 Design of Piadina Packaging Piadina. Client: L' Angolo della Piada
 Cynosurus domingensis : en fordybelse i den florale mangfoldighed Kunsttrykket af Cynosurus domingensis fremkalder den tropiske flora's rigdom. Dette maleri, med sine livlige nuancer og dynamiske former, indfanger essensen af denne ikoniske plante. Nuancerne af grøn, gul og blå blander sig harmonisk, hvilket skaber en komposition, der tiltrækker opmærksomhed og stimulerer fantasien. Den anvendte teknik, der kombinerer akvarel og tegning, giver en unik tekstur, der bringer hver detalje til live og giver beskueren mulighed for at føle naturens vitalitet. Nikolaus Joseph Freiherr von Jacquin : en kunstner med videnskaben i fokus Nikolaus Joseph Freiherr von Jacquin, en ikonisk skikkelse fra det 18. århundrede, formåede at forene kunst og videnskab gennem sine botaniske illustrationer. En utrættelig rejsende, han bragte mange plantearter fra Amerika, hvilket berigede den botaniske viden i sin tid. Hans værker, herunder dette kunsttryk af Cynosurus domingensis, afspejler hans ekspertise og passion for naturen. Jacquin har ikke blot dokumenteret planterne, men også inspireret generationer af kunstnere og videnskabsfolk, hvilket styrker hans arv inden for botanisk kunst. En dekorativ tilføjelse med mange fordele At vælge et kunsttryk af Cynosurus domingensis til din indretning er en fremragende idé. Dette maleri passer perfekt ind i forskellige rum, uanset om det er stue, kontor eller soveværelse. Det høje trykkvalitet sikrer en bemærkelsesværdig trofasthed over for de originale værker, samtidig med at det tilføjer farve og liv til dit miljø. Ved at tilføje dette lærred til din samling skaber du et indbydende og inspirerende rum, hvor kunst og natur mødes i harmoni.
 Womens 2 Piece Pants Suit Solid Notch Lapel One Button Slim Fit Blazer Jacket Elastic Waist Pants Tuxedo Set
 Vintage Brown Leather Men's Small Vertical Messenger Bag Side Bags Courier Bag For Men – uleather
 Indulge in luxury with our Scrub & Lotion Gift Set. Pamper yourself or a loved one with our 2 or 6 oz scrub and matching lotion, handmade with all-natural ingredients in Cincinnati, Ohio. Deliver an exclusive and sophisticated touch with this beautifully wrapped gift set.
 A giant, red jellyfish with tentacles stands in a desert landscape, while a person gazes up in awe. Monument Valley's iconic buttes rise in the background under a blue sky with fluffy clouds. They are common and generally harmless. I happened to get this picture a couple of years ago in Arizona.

————

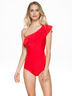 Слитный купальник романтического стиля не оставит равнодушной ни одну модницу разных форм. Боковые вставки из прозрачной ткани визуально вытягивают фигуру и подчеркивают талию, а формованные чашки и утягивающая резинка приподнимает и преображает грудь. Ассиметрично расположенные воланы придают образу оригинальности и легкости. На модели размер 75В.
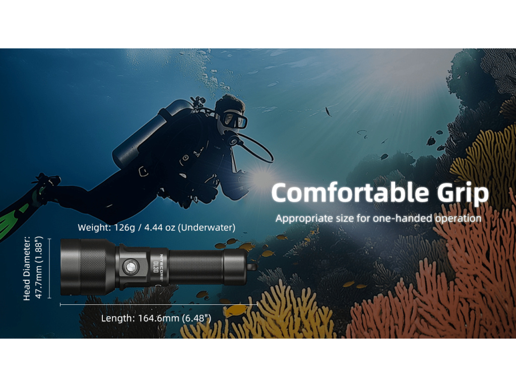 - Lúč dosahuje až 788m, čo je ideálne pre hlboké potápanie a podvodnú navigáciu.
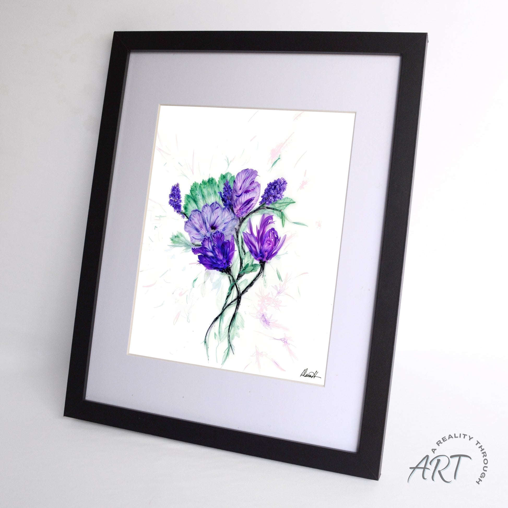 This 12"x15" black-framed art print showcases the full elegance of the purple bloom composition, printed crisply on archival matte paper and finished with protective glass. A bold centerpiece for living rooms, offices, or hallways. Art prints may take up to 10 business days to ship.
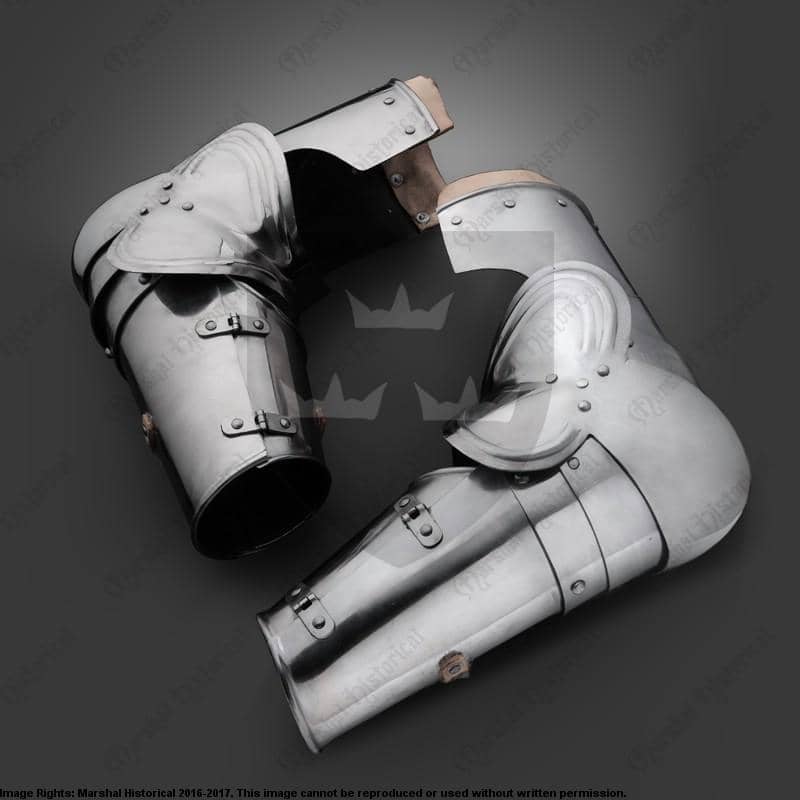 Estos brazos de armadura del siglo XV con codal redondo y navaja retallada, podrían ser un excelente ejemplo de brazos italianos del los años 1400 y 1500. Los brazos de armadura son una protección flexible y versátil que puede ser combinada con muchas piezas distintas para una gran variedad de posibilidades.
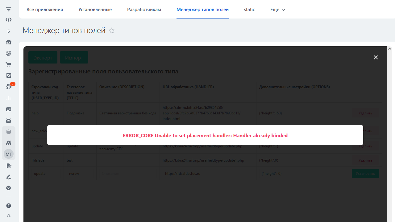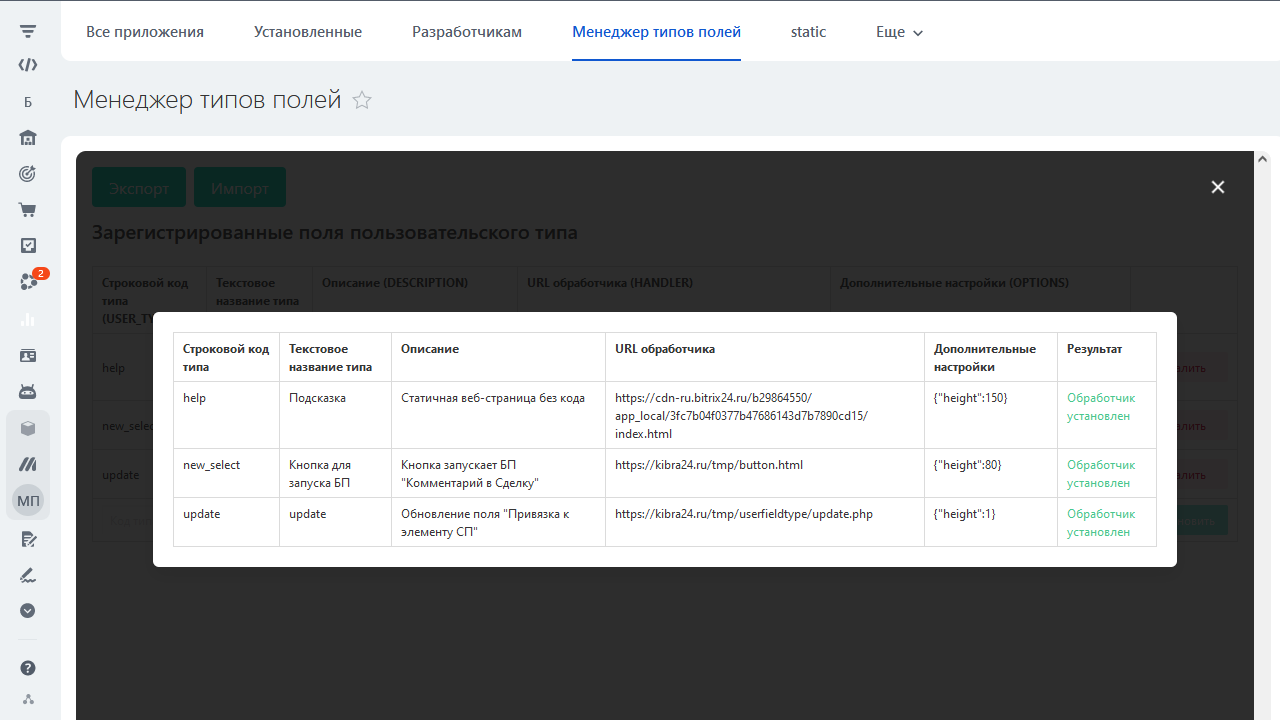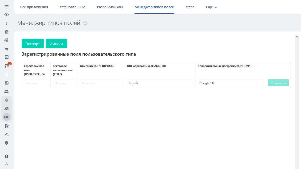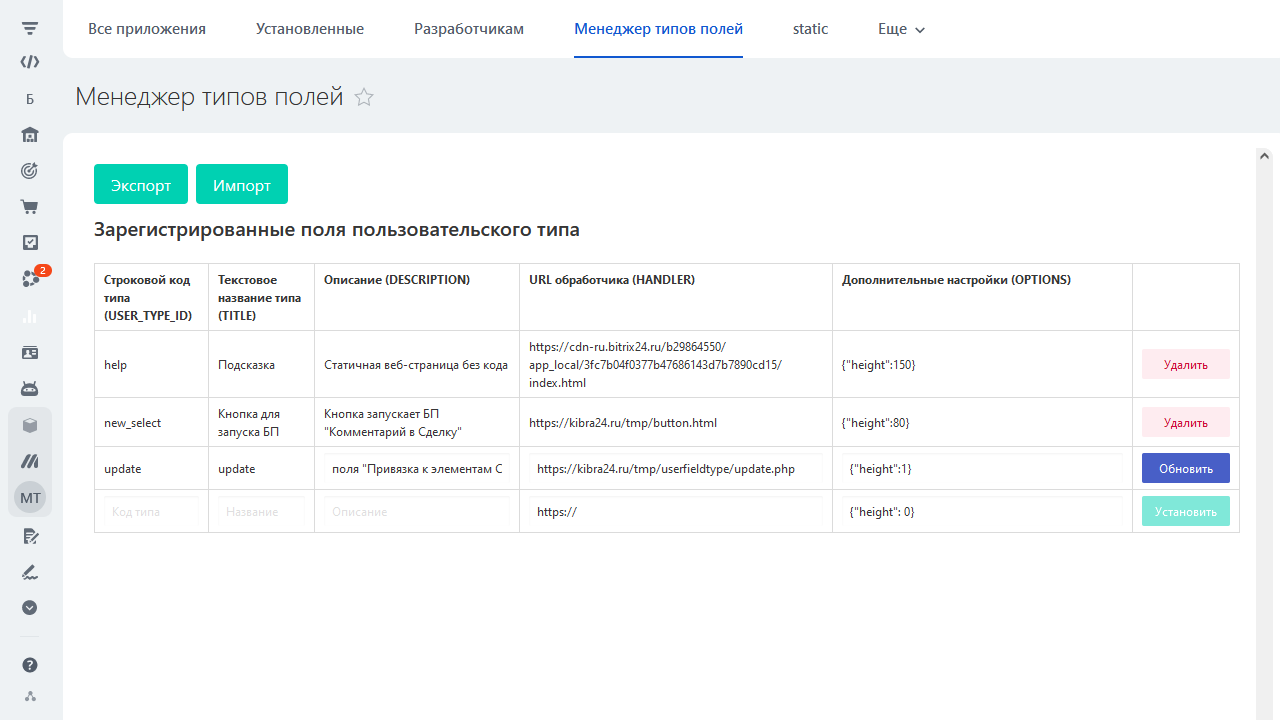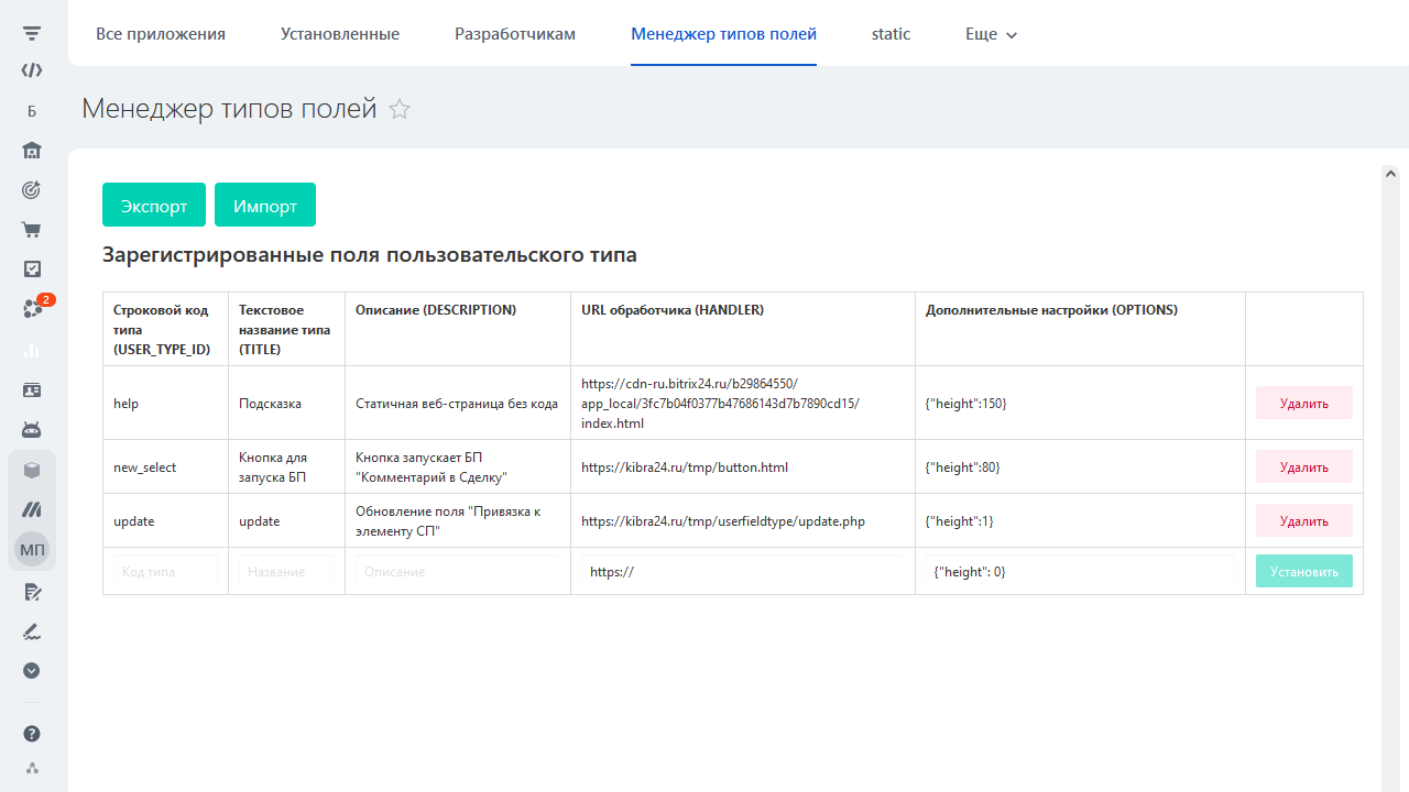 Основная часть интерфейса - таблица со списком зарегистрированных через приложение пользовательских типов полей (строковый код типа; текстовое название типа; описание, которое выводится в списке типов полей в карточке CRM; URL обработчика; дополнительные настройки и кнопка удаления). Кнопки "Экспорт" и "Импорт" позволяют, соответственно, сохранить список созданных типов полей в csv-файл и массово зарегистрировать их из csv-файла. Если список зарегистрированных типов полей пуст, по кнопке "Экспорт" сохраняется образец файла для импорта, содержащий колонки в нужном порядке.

————

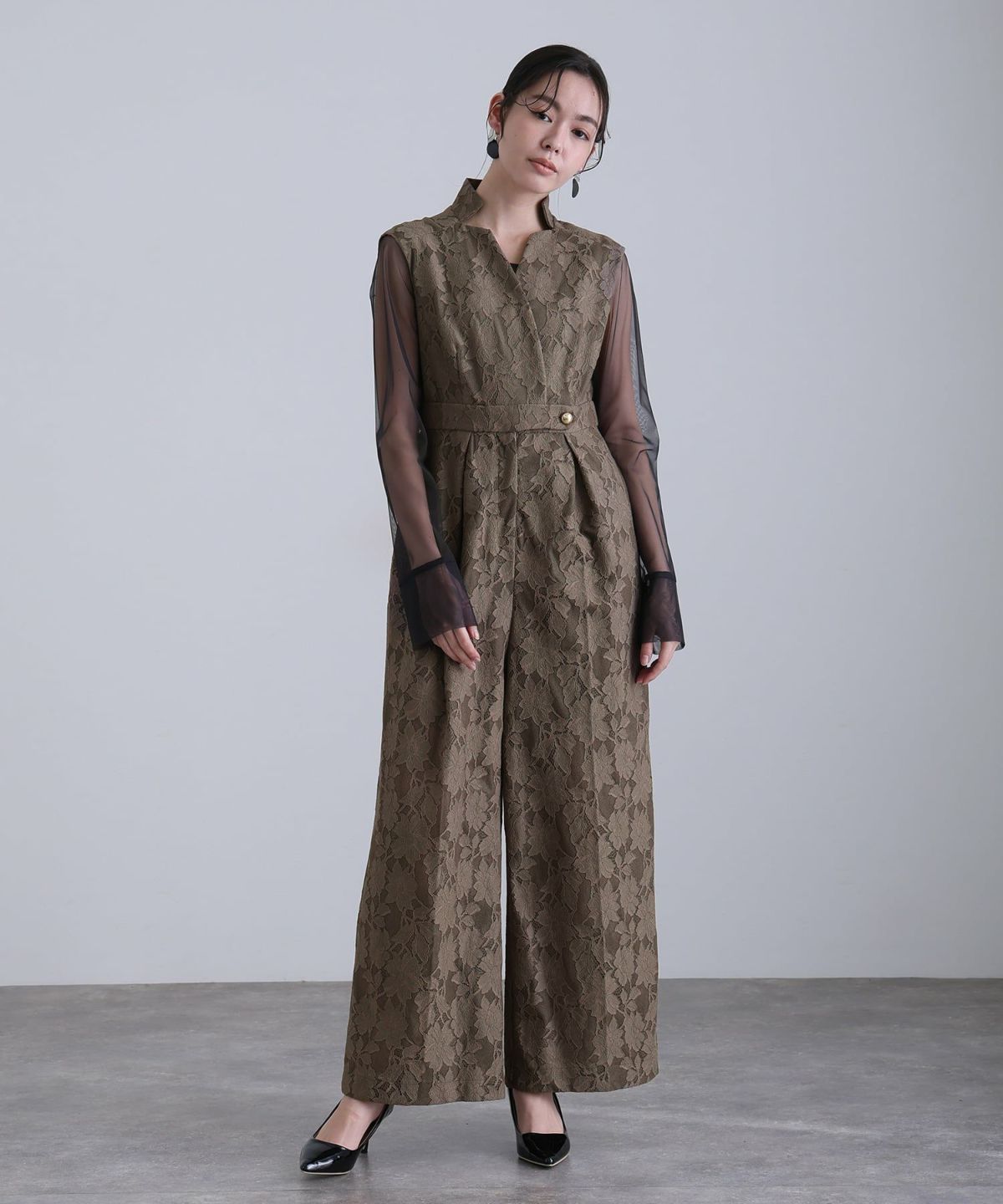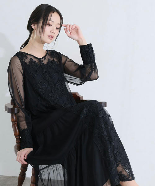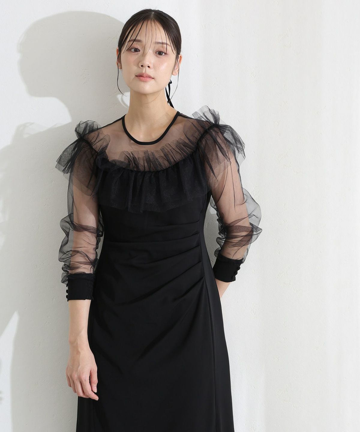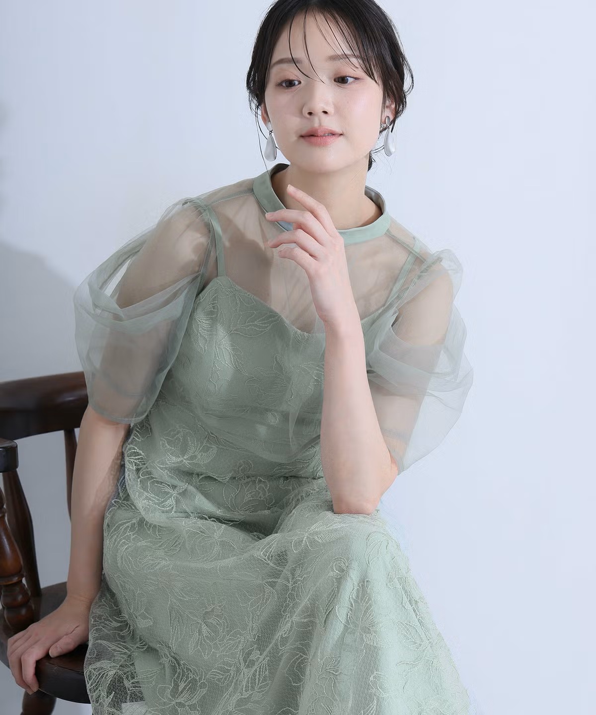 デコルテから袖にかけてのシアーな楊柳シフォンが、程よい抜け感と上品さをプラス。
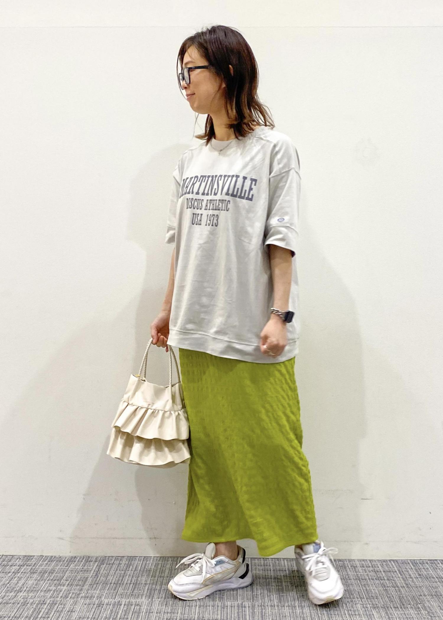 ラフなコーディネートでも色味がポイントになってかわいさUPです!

————

### Exercise
Please reproduce the lines from the line with "Womens 2 Piece" to the line with "Indulge in luxury", both ends included, exactly as they appear above.

### Your response
 Womens 2 Piece Pants Suit Solid Notch Lapel One Button Slim Fit Blazer Jacket Elastic Waist Pants Tuxedo Set
 Vintage Brown Leather Men's Small Vertical Messenger Bag Side Bags Courier Bag For Men – uleather
 Indulge in luxury with our Scrub & Lotion Gift Set. Pamper yourself or a loved one with our 2 or 6 oz scrub and matching lotion, handmade with all-natural ingredients in Cincinnati, Ohio. Deliver an exclusive and sophisticated touch with this beautifully wrapped gift set.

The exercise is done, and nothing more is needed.